Dimensionality Reduction of fmri Data using PCA Elio Andia ECE-699 Learning from Data George Mason University Fairfax VA, USA INTRODUCTION The aim of this project was to implement PCA as a dimensionality reduction method to fmri data in order to improve a classifiers results. The data was collected by Marcel Just and colleagues at the Center for Cognitive Brain Imaging at Carnegie Mellon University. Just and colleagues experiment consisted of testing human subjects with a sentence picture comparison, the brain activation was measured using fmri (Functional Magnetic Resonance Imaging). The data set consists of fmri images, each containing 5,000 voxels (3D representations where position is defined in relation to other voxels; not explicitly encoded like coordinates)[4]. An fmri image of a portion of the brain was taken every 500 ms. 25-30 Regions of Interest are highlighted in the data, regions of the brain where you would expect to see some brain activity [1]. There is code available that will provide specific functions for displaying and analyzing some of the data. The data is available in.mat files for each subject. Upon loading a file, three variables will be defined: Info, Data, and Meta.
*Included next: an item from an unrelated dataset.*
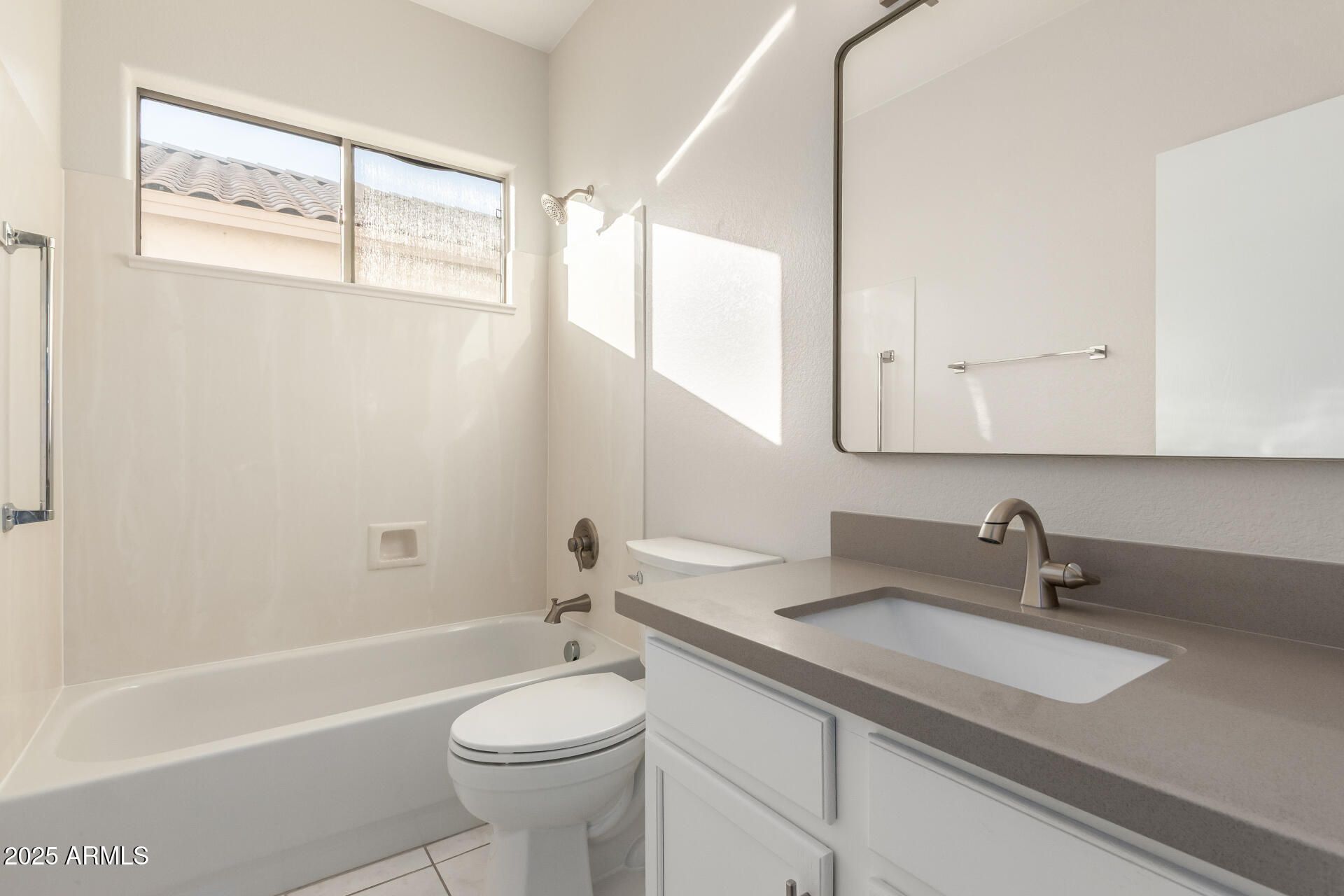 Tastefully remodeled home in Arizona Traditions 55+ guard-gated golf community! This 2 bed / 2 bath / 2-car garage gem offers newly painted inside and out, vaulted ceilings, plantation shutters, new wood-look tile flooring, and abundant natural light. The new kitchen features quartz countertops, new stainless steel appliances, new white cabinetry, new pendant lighting, new center island, and bay-window dining area. Spacious primary suite with dual sinks + walk-in closet. Enjoy year-round outdoor living in the screened-in patio overlooking a peaceful low-maintenance backyard. Community amenities include 18-hole golf, clubhouse, pools, fitness, pickleball & social activities. Minutes to shopping, restaurants and easy access to the 303 Freeway. Move-in ready and beautifully updated!

Info is a 1x54 structure array that defines the data in terms of the time intervals. It contains information such as: whether the picture or sentence was displayed first, whether the sentence matches the picture, the subjects reaction time in determining whether the sentence matches the picture, and other information defining the experiment in terms of time. Data contains the raw observations, fmri images collected in sequence over a period of time. Each element in the 54x1 cell array contains an NxV array of fmri activations. The Meta variable has the relevant data on the data set. It provides things like the human subject identifier, number of images in the data set, number of trails, and definitions for the regions of interest. Below is a picture of one of the slices for the brain activation for one the subjects at at specific time and trail (subject 04847, trail 5, at time 5)
Below is a plot of the brain activation for one the subjects at a specific time and trail (subject 04847, trail 5, at time 5) it is a display of all slices taken from the fmri machine. The condition value indicates one of the four states for a segment. Zero being that the data should be ignored. One indicating a rest interval is occurring. Two indicates the sentence picture combination does match and three indicates that a non-matching pair of sentence and picture has been displayed to the subject.
Below is a graph of the voxel activity across time for a specific voxel (at location 36,62,8). The red line indicates the condition for that segment as described in the previous paragraph. By transforming the data to include on trails 3 and 4, below is the plot for trails 3 and 4 of the voxel (36,62,8). The graph displays the third trail as indicated by the condition 2 (x= 0 to 54) a sentence-picture combination that match followed by the fourth trail where the picture-sentence combination do not match (condition = 3, x= 55-108).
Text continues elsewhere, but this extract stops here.